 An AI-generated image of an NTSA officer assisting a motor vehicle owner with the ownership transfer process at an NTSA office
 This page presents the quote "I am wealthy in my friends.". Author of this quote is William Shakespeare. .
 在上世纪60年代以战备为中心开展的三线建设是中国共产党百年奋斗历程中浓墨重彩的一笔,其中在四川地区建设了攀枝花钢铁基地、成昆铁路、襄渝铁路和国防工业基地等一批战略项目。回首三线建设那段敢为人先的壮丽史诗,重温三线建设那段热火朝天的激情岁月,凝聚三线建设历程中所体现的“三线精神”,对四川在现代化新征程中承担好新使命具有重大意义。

-*-

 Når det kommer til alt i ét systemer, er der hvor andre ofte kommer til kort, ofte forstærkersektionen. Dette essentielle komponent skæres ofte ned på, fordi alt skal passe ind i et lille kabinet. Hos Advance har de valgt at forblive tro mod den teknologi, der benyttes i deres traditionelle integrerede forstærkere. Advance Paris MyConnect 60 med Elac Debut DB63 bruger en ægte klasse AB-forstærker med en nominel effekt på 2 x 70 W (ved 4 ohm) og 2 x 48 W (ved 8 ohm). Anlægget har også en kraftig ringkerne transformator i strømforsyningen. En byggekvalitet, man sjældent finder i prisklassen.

-*-

■ Problem
Would you please repeat exactly the lines above, starting at the line with "This page presents" and stopping at the line with "在上世纪60年代以战备为中心", both included?

■ Solution for this problem
 This page presents the quote "I am wealthy in my friends.". Author of this quote is William Shakespeare. .
 在上世纪60年代以战备为中心开展的三线建设是中国共产党百年奋斗历程中浓墨重彩的一笔,其中在四川地区建设了攀枝花钢铁基地、成昆铁路、襄渝铁路和国防工业基地等一批战略项目。回首三线建设那段敢为人先的壮丽史诗,重温三线建设那段热火朝天的激情岁月,凝聚三线建设历程中所体现的“三线精神”,对四川在现代化新征程中承担好新使命具有重大意义。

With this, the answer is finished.